The previous posts had plenty to say about different ways that repetition impacts poems: in essence, functions of repetition. This post will break from that slightly and discuss how poems impact repetition. As noted, there is a lot that happens with repetition; a lot that repetition does for a poem. But it’s not a one-sided relationship. The rest of the poem also does work for the repeated portions. This is where what I call “the hauntedness of repetition” comes to bear. There are a great many poems which I could point to in order to explicate this point: indeed, any poem with a refrain and especially those which are bookended by a set of parallel lines — such as (a personal favorite) Robert.
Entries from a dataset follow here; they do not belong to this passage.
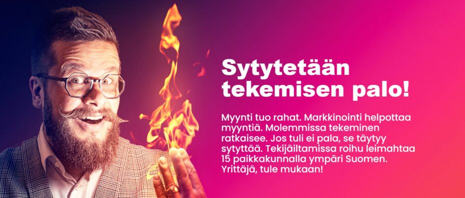 Muutamia vuosia sitten Markkinointi- ja Myynti-iltamat kiersivät Suomea innostamassa yrittäjiä markkinoimaan ja myymään. Osallistujilla syttyi hehku, mutta pian arki sen kovin monella sammutti. Niin usein käy.
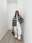Camicia over con spalline imbottite e maniche larghe, veste fino ad una L abbondante. Abbinata al pantalone by lumina e maglia jessica
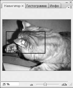 Если все изображение не помещается в видимой части окна документа, в правой и нижней части окна появляются полосы прокрутки, с помощью которых можно «двигать» изображение в окне. Но есть и более удобный способ. Если все изображение не помещается в окне документов, на миниатюре изображения (на палитре Навигатор) появляется прозрачный прямоугольник с красной рамкой. Все, что находится в пределах прямоугольника, вы видите в окне документа. Все, что расположено вне рамки прямоугольника, скрыто за границами окна. Этот прямоугольник можно перемещать по миниатюре изображения. В результате в него будут попадать новые фрагменты изображения, и, соответственно, все, что вновь попало в прямоугольник, будет отображено в окне документа. Чтобы изменить положение прямоугольника на миниатюре, нужно подвести к нему указатель мыши и, удерживая левую кнопку нажатой, перемещать мышь в нужном направлении. Как только необходимая область изображения отобразится в окне документа, кнопку мыши можно отпустить (рис. 2.5). Перемещать изображение можно также с помощью инструмента Рука на панели инструментов, но об этом мы расскажем, когда будем знакомиться с этой панелью.
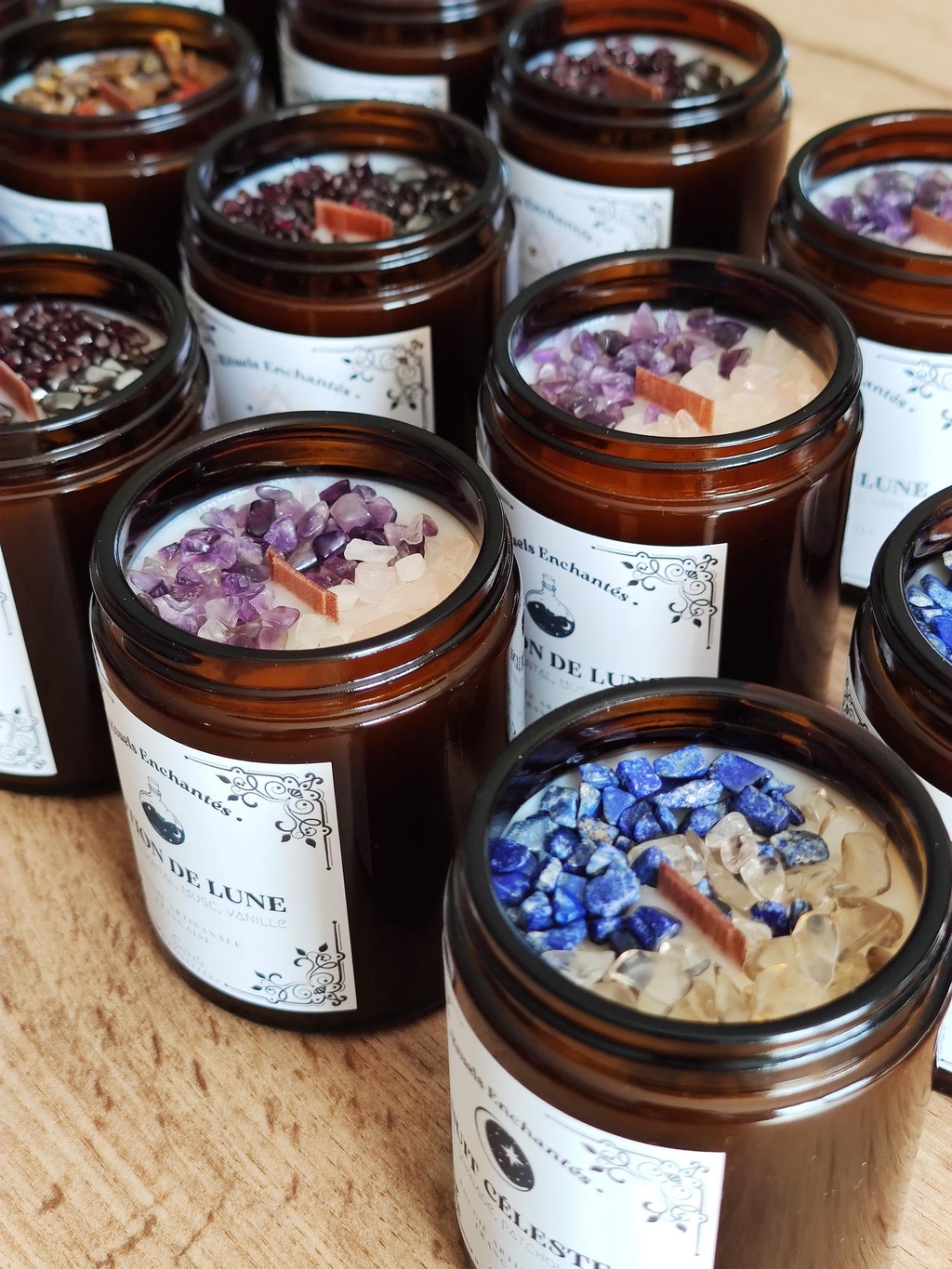 Toutes les bougies sont créées avec soin et en conscience dans mon atelier dans l’Aude. J’ai à cœur de sélectionner des matières premières et des matériaux de qualité.

W. Service’s “The Cremation of Sam McGee” which begins and ends with those lovely lines:

There are strange things done in the midnight sun
            By the men who moil for gold;
The Arctic trails have their secret tales
            That would make your blood run cold;
The Northern Lights have seen queer sights,
            But the queerest they ever did see
Was that night on the marge of Lake Lebarge
            I cremated Sam McGee.

And, indeed, any of these poems would likely suffice to get the point across, but I want to look at one particular poem by Ruth Stone in order to show what I’m trying to get at because I think her poem “Train Ride” really elevates this sense of hauntedness and makes what I’m saying seem a little less banal (I hope). Because I think when I say what I mean, it will, at least at first, seem fairly obvious, but I think there’s something deeper to it. At least I hope so, since it is precisely this particular meditation on repetition which kickstarted this entire series of posts.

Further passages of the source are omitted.